June 2000 Blackout

by Jean Jackman

Hybrid Nonfiction


 

In my North Davis neighborhood
on a summer night—
with homes cocooned
by sounds of air conditioners
and closed up windows.
The lights went out.

 

I was in bed reading when darkness came.
“Hey—what are you doing?” I called to my husband.
“The lights are out.”
Thinking now he’s done it
as he was fixing the refrigerator.

 

I peered out across the park.
No lights on the other side.
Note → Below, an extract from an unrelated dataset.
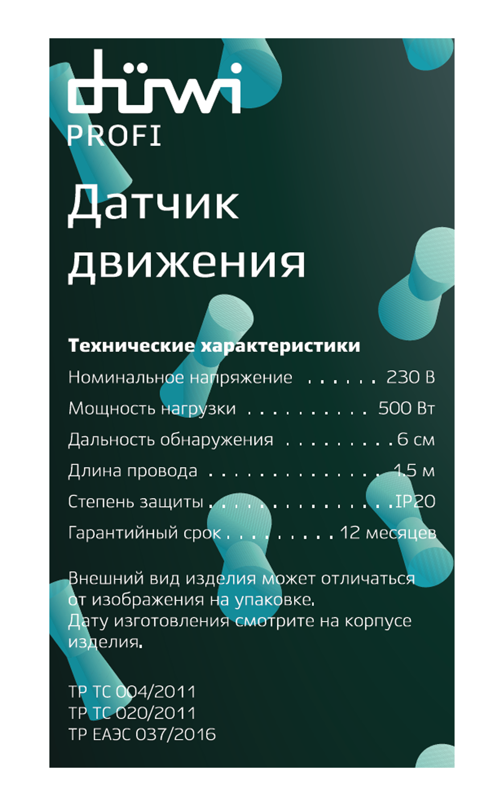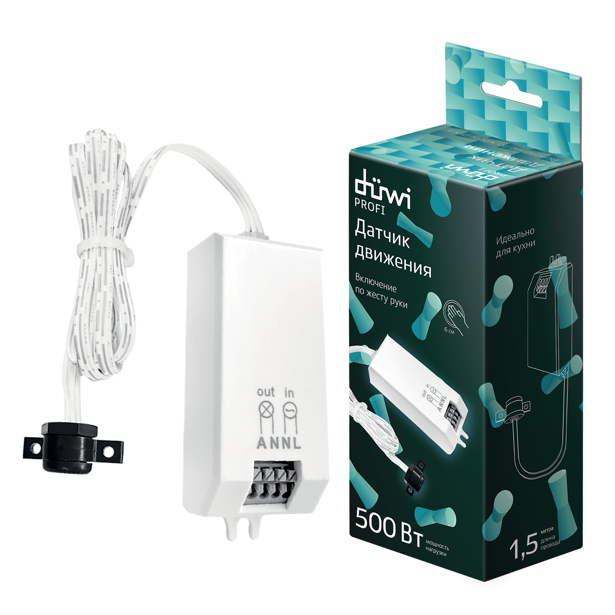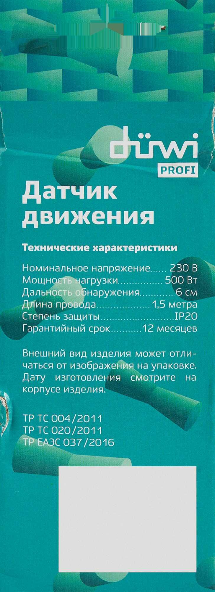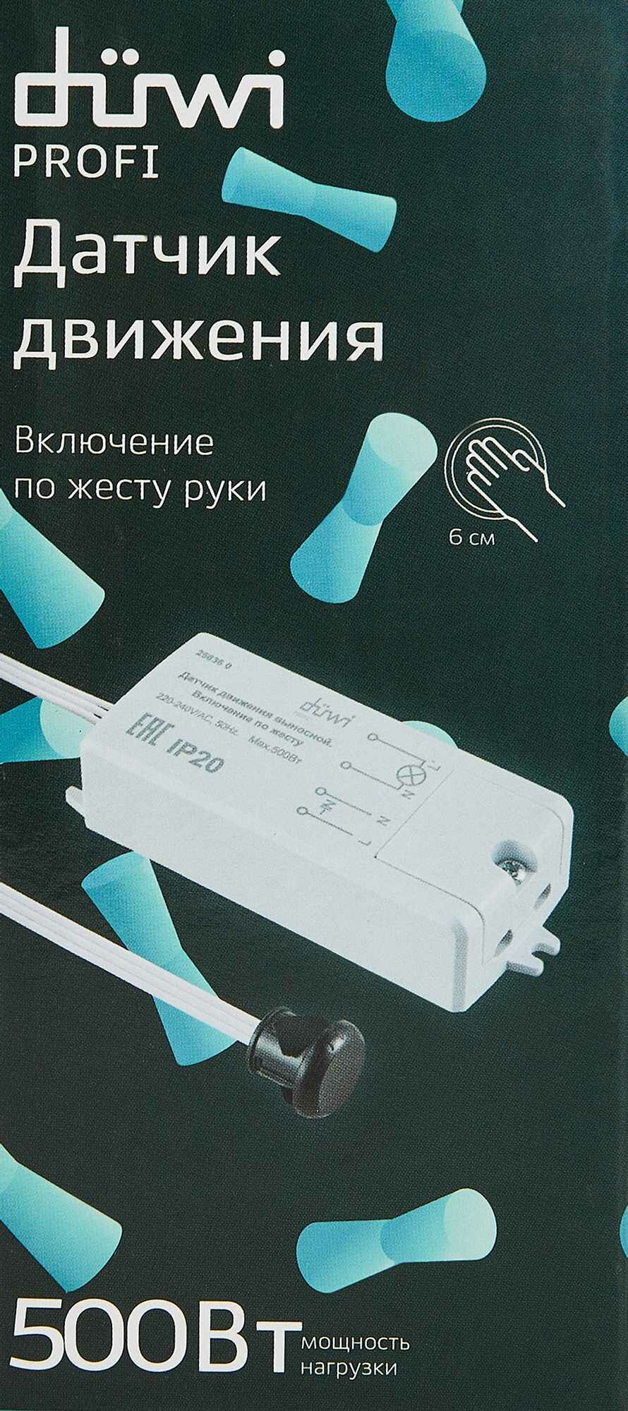 Выносной датчик движения duwi DDSD-1 Short Distance 25836 0 повышает комфорт при пользовании мебелью, закрытыми шкафами.Свет зажигается без нажатия выключателя, что удобно при занятых руках.Выносной тип датчика отлично реагирует на открытие и закрытие дверей.Если забыть выключить свет, перерасхода энергии не произойдет: подсветка погаснет без участия благодаря функции автоматического отключения.Длина провода 1,5 м.Диаметр установочного отверстия 13 мм.

Instead—
indigo silhouettes of trees and houses
against a lighter-toned sky.
I opened the windows to hear—
the silence.

 

Soon, flashlights
and lanterns in yards, dancing.
“…dark across the park, too.”
“…just drove… whole section is out…”
“…got people coming to see if they
want to buy my house.”
“Want us to fire up some
lanterns for you?”
A group with candles strolled by.

 

One man stood on his lawn
and spoke into a handheld CB,
“This is Ellamae, Ellamae
…anyone
sign on with news of why
the lights are out.”

 

People
passed by on bicycles,
turned back, stopped
to talk.

 

On the corner,
teenagers gathered around a fat candle
watching mosquitoes get
trapped in the wax.

 

Next street over, people were playing with darkness too.
Big Brian, the football player
lay on his lawn
toying with two kittens.
“These are my girls,” he shouted.

 

The Mabuchi’s dinner party was aglow
lit by a dozen candles.
I laughed along with their
conversations too.

 

Farther down the block,
children shrieked
as they slid on a slip-and-slide.
A kerosene camping lantern on a tree branch
the only light for their raucous party.

 

Neighbors gathered at the end of the street
talking quietly. They hailed me as I strolled past.
We looked up and saw the stars
so newly visible.

 

You know,
one night a week,
I’d even settle for one night a month
of…
lights out.

 

 


Jean Jackman has written a nature column with photographs for the Davis Enterprise newspaper for 16 years. Her life is filled with adventures. She has hopped freight trains, completed a double century bike race, biked from California to Florida and Canada to Mexico. Her vocations have ranged from school movement/music specialist to oral historian to dance company director. She was an Artist in Bioregional Residence at University of California, Davis. She discovered the pleasures of memoir in a writing class and is currently at work on a collection of personal essays about the importance of risk-taking.